Однако, несмотря на все строгие меры, болезнь распространилась за пределы Москвы. Так один мастеровой из села Пущино перед отъездом домой купил своей жене кокошник, принадлежавший девушке, умершей от чумы. Это привело к эпидемии в данном населенном пункте. Паника в городе оказалась настолько сильной, что из нее даже бежал московский главнокомандующий Салтыков, герой Семилетней войны 1756-1763 г., а вместе с ним выехали губернатор Бахметьев и обер-полицай Юшков. За оставление своих постов они были уволены со службы. После этого Москва попала под надзор генерал-поручика Ерошкина, который дал приказ никого из города в Петербург не пускать, и вдоль дороги была протянута сторожевая цепь из солдат.

Тем не менее не-смотря на все принятые меры, эпидемия набирала все большие обороты. Последний раз данное заболевание на-блюдалось в Москве в 1386 г., и поэтому у ее жителей не осталось никакого иммунитета против чумы. Фурманщики оказались не в состоянии перевозить всех больных, и поэтому новых санитаров набирали из числа каторжников и лиц, приговоренных к смертной казни.

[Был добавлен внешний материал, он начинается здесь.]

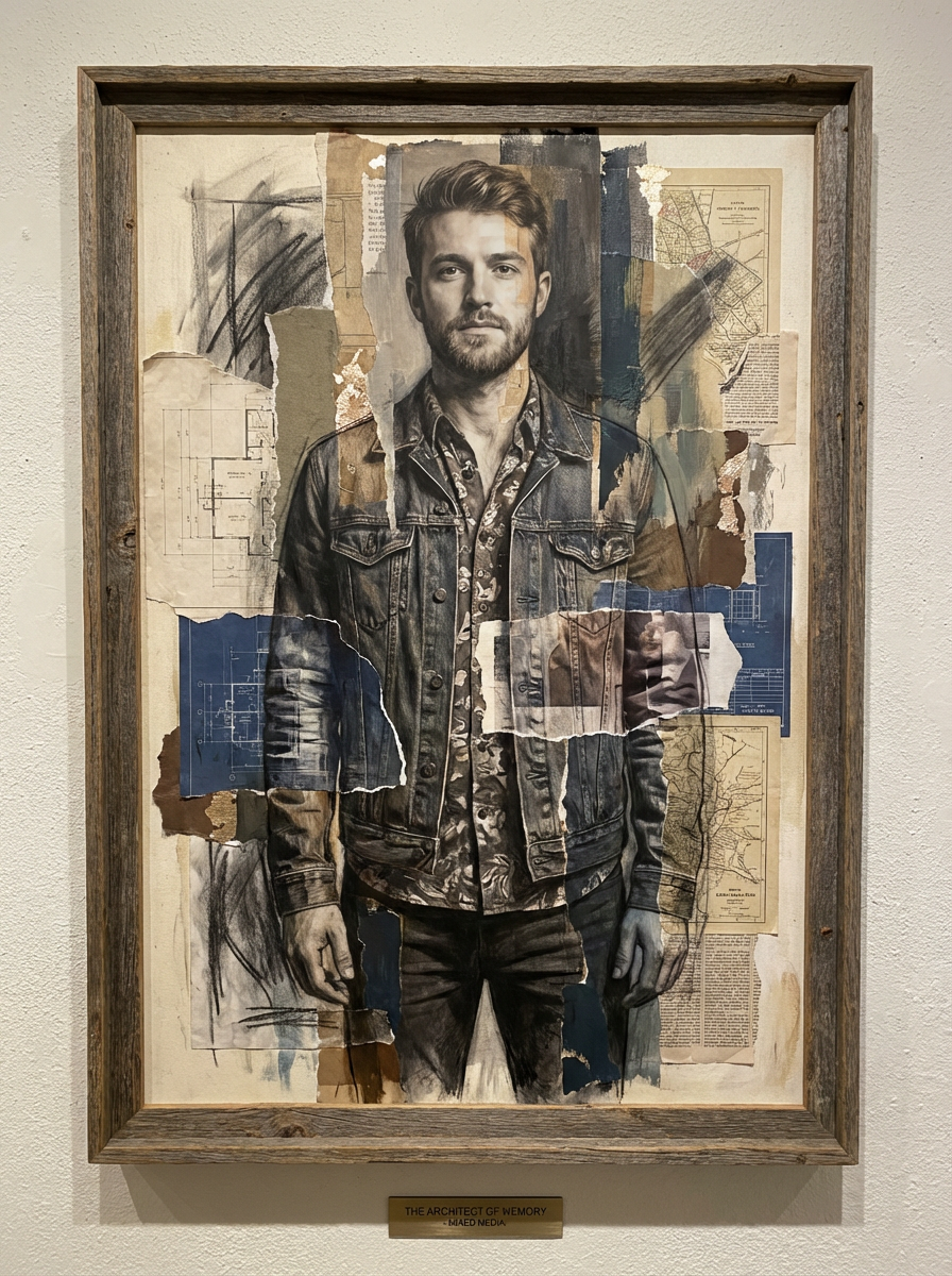 Full body portrait of model as a mixed media artwork. Layered elements, creative composition. Gallery quality art.

16 сентября в Москве вспыхнул бунт. В начале сентября, когда эпидемия достигла своего пика, священник церкви «Всех святых» стал рассказывать прихожанам, что одному фабричному работнику во сне привиделась Богородица, которая заявила - ее образу, находящемуся над Варварскими воротами, уже несколько десятков лет никто не пел молебнов и не ставил свечей. А во время праздников народ напивался и блевал прямо под иконой. Поэтому Христос разгневался и хотел послать на Москву каменный дождь, но матерь божья упросила его ограничиться отправкой в город только одного мора, надеясь, что он образумит москвичей. Данные слухи быстро распространились среди простых людей и кем-то искусственно подогревались.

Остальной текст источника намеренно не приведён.